I'm going to assume that you have Docker installed on your system. If not, I highly recommend OrbStack rather than Docker's own app. Faster, ligher, and easier to use.
docker pull qdrant/qdrant
docker run -p 6333:6333 qdrant/qdrant
To demonstrate embeddings + semantic search in a more real-world-like scenario, we'll use OpenAI's ada-002 embedding model. Add the OpenAI Laravel package if you haven't already.
composer require openai-php/laravel
php artisan vendor:publish --provider="OpenAI\Laravel\ServiceProvider"

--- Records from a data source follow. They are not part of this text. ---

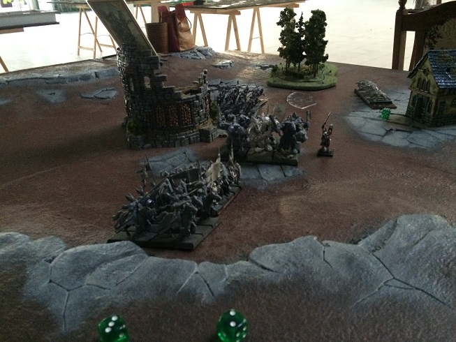 Zu Beginn lief es eher ungünstig für mich, auch wenn meine Harpien und eine Meute der Plünderer seine Waldläufer erschlugen...Ich kam mit meiner Brecher-Einheit (Minotauren natürlich) nicht in eine günstige Position und drohte in der Geister-Scharr zu versumpfen und verlor ringsherum die kleineren Truppen (ein Gnargor, die anderen Harpien, einmal Chaoshunde und einmal Plünderer waren in den ersten beiden Spielzügen futsch), während er stolz auf mich zumarschierte und meine 25 Gors samt Schatten-Magier vom Tisch jagte und meine Überfall-Truppen sich verdächtig viel Zeit ließen, um mal an der Schlacht teilzuhaben!
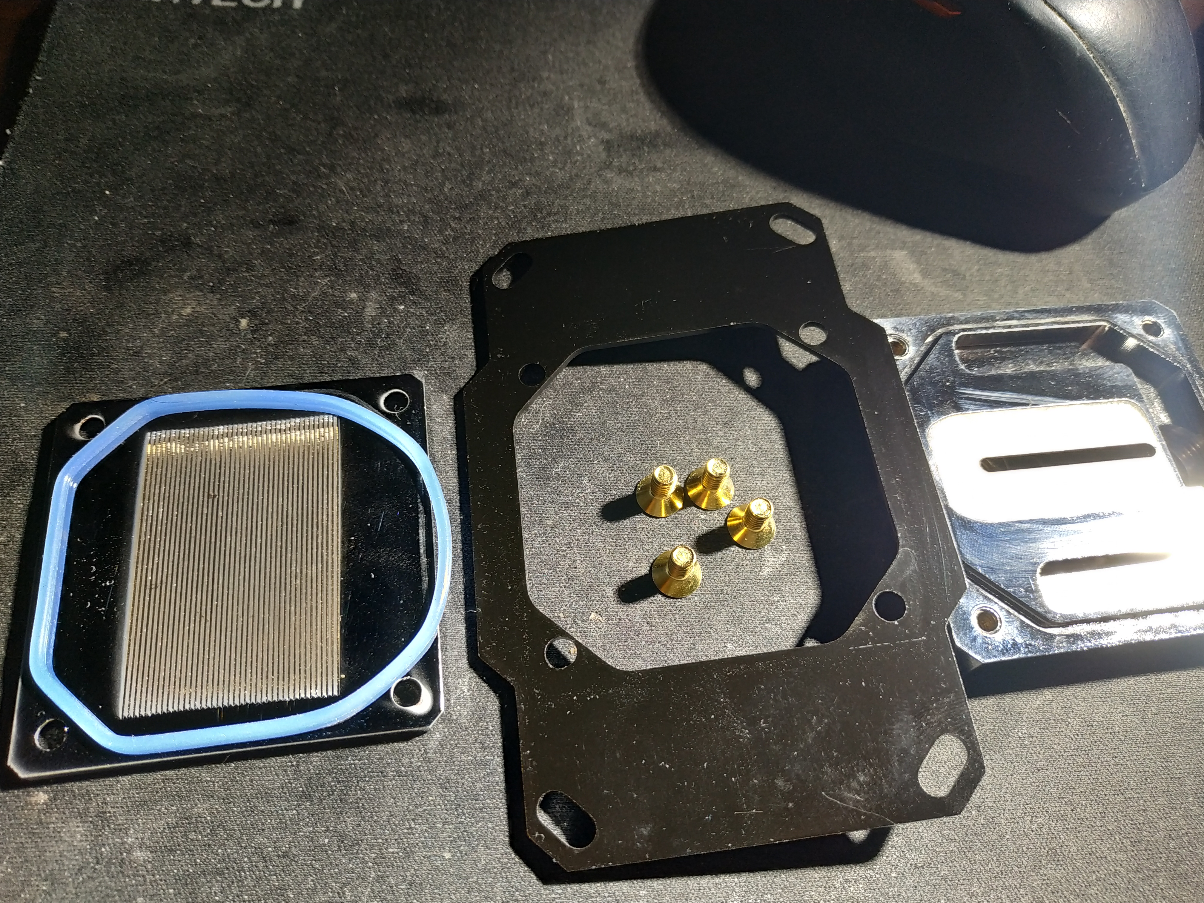 На АМ4 (3900X) собираюсь установить swiftech apogee xt с закреплением только 2 из 4 винтов. Для 1155 сокета диагональные винты идеально попадают в диагональные отверстия АМ4, пробовал закручивать, водоблок, немного перекашивается, но только по оси перпендикулярной плоскости крышки по прежнему с запасом закрывает весь теплораспределитель ЦПУ.
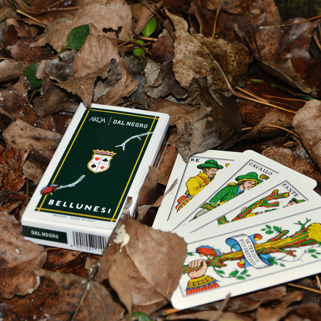“Un mazzo per i bellunesi e per i forestieri, per gli escursionisti e i tipi da baita, per chi vive in scarponi e per chi li indossa una volta l’anno. Un mazzo di carte regionali per i boschi e per chi li anima”. Così vengono descritte le Bellunesi, un mazzo di carte regionali prodotto dalla collaborazione tra Dal Negro e Akqa, dedicato a Belluno e mirato al sostegno della protezione delle foreste dall’epidemia di bostrico.

And add your OpenAI API key to your .env file.
# .env
OPENAI_API_KEY="sk-..."
# https://platform.openai.com/account/org-settings
OPENAI_ORGANIZATION="org-..."
Now that the setup is out of the way, let's create a couple of simple console commands to setup or vector index and populate it with embeddings.
// In routes/console.php
use Illuminate\Support\Facades\Artisan;
use OpenAI\Laravel\Facades\OpenAI;
use Qdrant\Http\GuzzleClient;
use Qdrant\Models\Request\CreateCollection;
use Qdrant\Models\Request\VectorParams;
use Qdrant\Qdrant;
use Qdrant\Models\PointsStruct;
use Qdrant\Models\PointStruct;
use Qdrant\Models\VectorStruct;
Artisan::command('setup', function() {
$config = new \Qdrant\Config("http://localhost",6333);
$config->setApiKey('your-api-key-but-anything-on-localhost');
$client = new Qdrant(new GuzzleClient($config));
$createCollection = new CreateCollection();
$createCollection->addVector(new VectorParams(1536, VectorParams::DISTANCE_COSINE), 'saying');
$response = $client->collections('sayings')->create($createCollection);
});
Artisan::command('insert', function() {
$config = new \Qdrant\Config("http://localhost",6333);
$config->setApiKey('your-api-key-but-anything-on-localhost');
$client = new Qdrant(new GuzzleClient($config));
$sayings = [
[
'id' => 'foo', // or e.g., \Ramsey\Uuid\Uuid::uuid4()->toString(),
'value' => 'Canines say woof'
],
[
'id' => 'bar',
'value' => 'Felines say meow',
],
[
'id' => 'baz',
'value' => 'Birds say tweet',
],
[
'id' => 'faz',
'value' => 'Humans say hello',
],
];
$result = OpenAI::embeddings()->create([
'model' => 'text-embedding-ada-002',
'input' => collect($sayings)->pluck('value')->toArray()
]);
$points = new PointsStruct();
foreach ($sayings as $key => $saying) {
$points->addPoint(
new PointStruct(
$saying['id'],
new VectorStruct($result->embeddings[$key]->embedding, 'saying'),
[
'meta' => 'anything'
]
)
);
}
$client->collections('sayings')->points()->upsert($points, ['wait' => 'true']);
});
Mow let's run both:
php artisan setup
php artisan insert
In the terminal window where you ran the Docker command, you should see some output like this:
2023-10-13T09:03:49.680343Z INFO actix_web::middleware::logger: 192.168.215.1 "PUT /collections/sayings HTTP/1.1" 200 48 "-" "GuzzleHttp/7" 0.078868
2023-10-13T09:10:08.231593Z INFO actix_web::middleware::logger: 192.168.215.1 "PUT /collections/sayings/points?wait=true HTTP/1.1" 200 83 "-" "GuzzleHttp/7" 0.010576
And now let's run a query! Back in your console routes file:
// In routes/console.php
use Qdrant\Models\Filter\Condition\MatchString;
use Qdrant\Models\Filter\Filter;
use Qdrant\Models\Request\SearchRequest;
Artisan::command('search', function() {
$config = new \Qdrant\Config("http://localhost",6333);
$config->setApiKey('your-api-key-but-anything-on-localhost');
$client = new Qdrant(new GuzzleClient($config));
$result = OpenAI::embeddings()->create([
'model' => 'text-embedding-ada-002',
'input' => 'What do dogs say?',
]);
$searchRequest = (new SearchRequest(new VectorStruct($result->embeddings[0]->embedding, 'saying')))
// ->setFilter(
// (new Filter())->addMust(
// new MatchString('meta', 'something')
// )
// )
->setLimit(2)
->setParams([
'hnsw_ef' => 128,
'exact' => false,
])
->setWithVector(false)
->setWithPayload(false);
$response = $client->collections('sayings')
->points()
->search($searchRequest);
$this->table(
['saying'],
collect($response['result'])->map(function ($item) {
return [$item['payload']['value']];
})->toArray()
);
});
php artisan search
+------------------+
| saying |
+------------------+
| Canines say woof |
| Felines say meow |
+------------------+
And that's it! You now have embeddings-based semantic search working in a Qdrant vector store with Laravel.